White Voices Choir and Organ.

=== Orchestral works ===

- Symphony No. 1 (1985)
- Cinco Grabados para orquesta (1991)
- Symphony No. 2 Azteca (1996-1998). Baritono-Bajo solo, Coro mixto y Gran orquesta.
- Symphony No. 3 The Garden of Mist (2000)
- Symphony No. 4 (2001)
- The Scream (2001)
- Elegía por Julia Ponce, de Lavapiés (2002)
- ... en Abril (2002)
- Symphony No. 5 (2004)
- Concerto for Bandoneon and Orchestra (2006)
- Quasi Tango Suite (2007, orq. 2010)

=== String orchestra ===
- Elegía trágica (1987). Flute solo, Piano, Timpani and Flexatone.
- Cuatro impressiones para cuerdas (1996)
- Concierto de Cámara (1998-2000). For oboe and String Orchestra
- Ocultas geometrías (1999). Piano and String Orchestra (Clarinet solo ad libitum)
- Tres Postales para Marianela (2002). Flutes (8) Cl.(Bb) Fg. Pno. and Strings (no Double Bass)
- Concerto for Tuba and Strings (2006)
- Miralls (2012). For the Orquesta de Cambra Amics dels Clàssics

=== Solo voice and orchestra ===
- Momentos del Poeta (1987). For tenor and orchestra. Vladimir Maiakovsky's Poems.
- Padre Nostro (1998). For Soprano, Baritone and orchestra.
- Elogio por Santander (2004). Big orchestra and mixed choir. Texts of Amós de Escalante

===Solo with orchestra ===
- Variantes concertantes- for piano and orchestra (1988–89)
- Rapsodia for percussion solo and orchestra (1992). Dedicated to Ángel Frette
- Auris Concertum, for Violoncello and orchestra (2001). Dedicated to the Queen Sofía of Spain.
- Concerto for Bandoneon and Big Orchestra, in memoriam Omar Lupi (2002).
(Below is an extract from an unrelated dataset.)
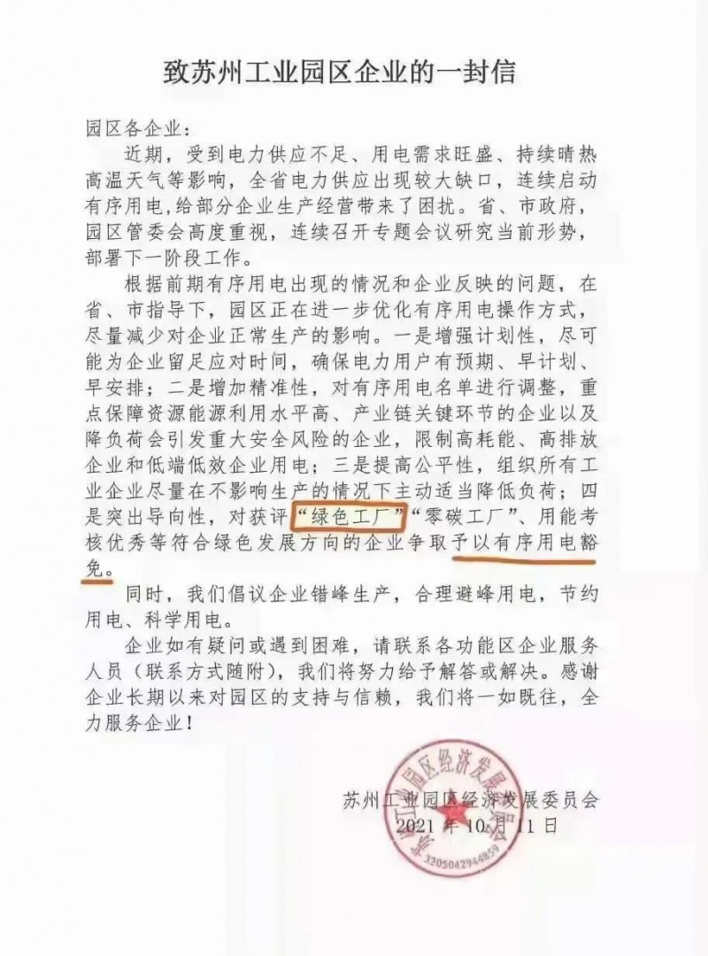 里面提到,近期受到電力供應不足、用電需求旺盛、持續晴熱高溫天氣等影響,電力供應出現較大缺口,連續啟動有序用電,給部分企業生產經營帶來了困擾。在突出導向性中,提出對獲評“綠色工廠”“零碳工廠”、用能考核優秀等符合綠色發展方向的企業爭取予以有序用電豁免。

Dedicated to Pablo Mainetti and Marcelo Mercadante
- Auris Resonantiam, for Violin and Orchestra (2003)
- Concerto for Clarinet (A) and Big orchestra (2004). Dedicated to Joan Pere Gil
- Concerto for Electric Guitar and orchestra (2005). In memoriam Sergio Javier Godoy.
- Urdaibai (2009) Dedicated to Pilar and Soledad, from Errigoiti.
- Cantata Colón (2005–06). For Choir, Bass (soloist), narrator and Big Orchestra. Diego Civilotti's poems.
- Robaiyyat (2010). For Mixed Choir and Big Orchestra. Omar Jayyam's Robaiyyat

=== Concert band ===
- Las medias de los flamencos (1982). Suite for Wind Band and narrator on a Horacio Quiroga's Tale.
- Viaje a la Luna (1995). Phantasy for Symphony Band in Five Scenes about the Federico García Lorca's Screenplay
- Impromptu, recuerdo y danza (2007) for Bassoon and Symphony Band)
- Sur/fantasía (2010). Concertante Phantasy for Bandoneon, violin and Concert Band.

==Awards==

- Ciutat de Tarragona International Award for Musical Composition
- Queen Sofía Composition Prize
- Ciutat de Barcelona Prize
- First Prize Juventudes Musicales-Barcelona
- TRINAC Prize Argentina
- Composition Prize Casa de las Américas (finalist).